If we talk about SIU's Golden Age, I think we can all agree it was in the years of 1950 (or so) to 1970. You will notice, that I don't really know when it started, but I do know the date it ended. The Golden Age ended with Delyte Morris left the university and the Old Main building was burned down.

When I start thinking about managing a fast growing organization over 20 years, I start to think about the people. In those 20 years you can hire great people or lay a ground work of bad management, either way the legacy of those hirings will continue for many years. The Morris years were good years to be hiring a large faculty, the professors still remembered the hard years of WWII and the Great Depression. The USA was assuming the mantel as a Superpower, expectations were that if you worked a whole lot harder, you might make a great life for yourself.

If you were to start thinking about the management difficulties of turning SIU around today, instead of trying 8 or 9 years ago, there is no one left from the Golden Age on the entire campus. When Jo Ann Argersinger was Chancellor the back bone of the senior professors were hired in the Morris years, they still had an idea of what the university was like when the buildings were new and the university was on the way up. Today, all the professors from the Morris years are retired.

One interesting idea from the Golden Age idea is what maybe the only person who remembers them on campus is Glen Poshard. He was here then and he seems to understand the power of events and symbolism that were so important to Morris. It could be that he wants to return SIU to a new Golden Age, he seems to be putting the trappings of the Morris years back together.

When big companies get into a situation like SIU is in today (poor performance, bad corporate culture, poor employee morale) they execute a massive reset in the form of a layoff. That really gets the attention of the employees and often does a reset in values that is needed for the organization to survive.

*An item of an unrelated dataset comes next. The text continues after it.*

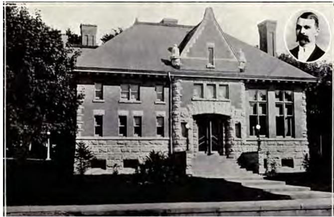
Historic photograph from NAPERVILLE 1917 (inset photo of James L. Nichols at upper right)

I wonder if Glen Poshard is brave enough and has enough power to make a new golden age. I wonder if he did have the power if he would use it for good and not evil. If he did start making changes, I wonder if the BOT (and their owners in Chicago and Springfield) would allow him to do it.

Your comments are welcome.

1 comment:

sthorne said...

So SEMO has been coasting for 30 years on what Delyte Morris built? That would explain why admissions slowly crept up for several years after Morris was forced out, plateaued and sank back to the level it is now. Once an organization loses the visionary that built it, it can run for awhile on the infrastructure left behind.

I had some point I was trying to make but it's escaping me now.